Pour l’Église, la sexualité est belle quand elle est intégrée dans l’amour, et l’amour dans le mariage : « Les actes qui réalisent l’union intime et chaste des époux sont des actes honnêtes et dignes. Vécus d’une manière vraiment humaine, ils signifient et favorisent le don réciproque par lequel les époux s’enrichissent tous les deux dans la joie et la reconnaissance. » (GS 49 § 2)

 

3. L’Église n’a-t-elle pas tendance à considérer l’amour comme un devoir ? L’amour est un sentiment qui ne se commande pas !

C’est ce que pensent nos contemporains, en particulier les jeunes, dans notre société hédoniste et permissive ! Le sentiment, certes, est une composante essentielle de l’amour, mais l’amour ne s’y réduit pas !

L’amour fait appel à l’intelligence, qui permet de discerner ce qui est bien pour soi, pour l’autre, pour le couple, pour les enfants. Il mobilise aussi la volonté qui rend capable de se dévouer pour l’autre, même quand c’est difficile : quand le conjoint est malade, au chômage, ou tout simplement quand il n’a pas très bon caractère… Aimer c’est vouloir le bien du conjoint et se dévouer pour lui. (Cf. Benoît XVI, Encyclique Deus Caritas est 6)

 

4. Qu’est-ce que la foi apporte de plus à l’amour humain ?

Tout d’abord elle l’oriente vers sa source, qui est Dieu (cf. Q 1).

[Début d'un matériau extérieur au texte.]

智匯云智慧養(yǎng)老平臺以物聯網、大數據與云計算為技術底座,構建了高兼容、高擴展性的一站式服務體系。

Ensuite les chrétiens qui s’aiment dans le Seigneur participent déjà à ce bonheur d’aimer qui n’existe parfaitement qu’en Dieu (cf. Q 1), et Dieu leur donne, par son Esprit, la capacité de surmonter toutes leurs difficultés (cf. FC 19 § 3).

Enfin la foi oriente l’amour humain vers sa fin : à notre mort nous sommes destinés à vivre une éternité d’amour et de béatitude en Dieu.

 

5. Alors les chrétiens qui s’aiment devraient être parfaits !

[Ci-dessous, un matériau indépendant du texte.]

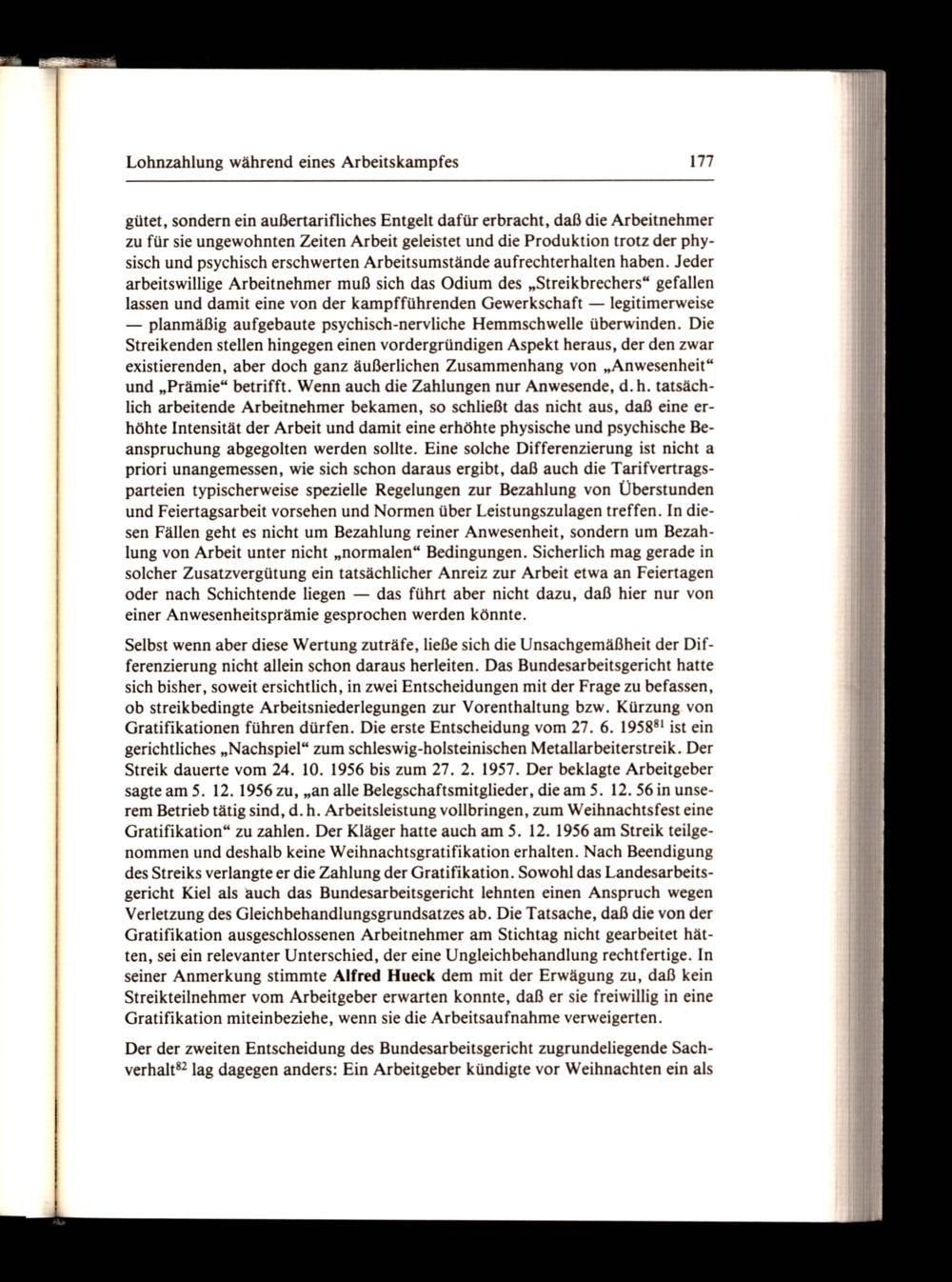 Selbst wenn aber diese Wertung zuträfe, ließe sich die Unsachgemäßheit der Differenzierung nicht allein schon daraus herleiten. Das Bundesarbeitsgericht hatte sich bisher, soweit ersichtlich, in zwei Entscheidungen mit der Frage zu befassen, ob streikbedingte Arbeitsniederlegungen zur Vorenthaltung bzw. Kürzung. von Gratifikationen führen dürfen. Die erste Entscheidung vom 27. 6. 19588! ist ein gerichtliches„Nachspiel“ zum schleswig-holsteinischen Metallarbeiterstreik. Der Streik dauerte vom 24. 10. 1956 bis zum 27. 2. 1957. Der beklagte Arbeitgeber sagte am 5. 12. 1956 zu,„an alle Belegschaftsmitglieder, die am 5. 12. 56 in unserem Betrieb tätig sind, d.h. Arbeitsleistung vollbringen, zum Weihnachtsfest eine Gratifikation“ zu zahlen. Der Kläger hatte auch am 5. 12. 1956 am Streik teilgenommen und deshalb keine Weihnachtsgratifikation erhalten. Nach Beendigung des Streiks verlangte er die Zahlung der Gratifikation. Sowohl das Landesarbeitsgericht Kiel als auch das Bundesarbeitsgericht lehnten einen Anspruch wegen Verletzung des Gleichbehandlungsgrundsatzes ab. Die Tatsache, daß die von der Gratifikation ausgeschlossenen Arbeitnehmer am Stichtag nicht gearbeitet hätten, sei ein relevanter Unterschied, der eine Ungleichbehandlung rechtfertige. In seiner Anmerkung stimmte Alfred Hueck dem mit der Erwägung zu, daß kein Streikteilnehmer vom Arbeitgeber erwarten konnte, daß er sie freiwillig in eine Gratifikation miteinbeziehe, wenn sie die Arbeitsaufnahme verweigerten.

Jésus les y appelle (cf. Mt 5,48). Mais, malgré le baptême nous gardons en nous les mauvaises graines du péché : « Tout homme fait l’expérience du mal, autour de lui et en lui-même. Cette expérience se fait aussi sentir dans les relations entre l’homme et la femme. De tout temps, leur union a été menacée par la discorde, l’esprit de domination, l’infidélité, la jalousie et par des conflits qui peuvent aller jusqu’à la haine et la rupture. » (CEC 1606 ; cf. FC 21 § 6)

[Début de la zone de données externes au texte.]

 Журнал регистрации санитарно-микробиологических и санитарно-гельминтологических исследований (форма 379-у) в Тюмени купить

« Pour guérir les blessures du péché, l’homme et la femme ont besoin de l’aide de la grâce que Dieu, dans sa miséricorde infinie, ne leur a jamais refusée (cf. Gn 3, 21). Sans cette aide, l’homme et la femme ne peuvent parvenir à réaliser l’union de leurs vies en vue de laquelle Dieu les a créés " au commencement ". » (CEC 1608)

 

6. Certains n’y arrivent pas et se séparent !

Peut-être n’ont-ils pas assez compté sur la grâce de Dieu…

En outre certains portent en eux des souffrances psychologiques profondes, dues à de graves carences affectives durant leur enfance, à un environnement insécurisant, à un rejet, à un abandon, à des violences, à des abus sexuels… Toutes ces blessures doivent être guéries pour que la personne puisse aimer en vérité, et le secours des « psys » s’avère souvent nécessaire.

 

7. Si c’est Dieu qui a créé le couple et la famille, comment se fait-il qu’il y ait tant de difficultés dans les couples et les familles ?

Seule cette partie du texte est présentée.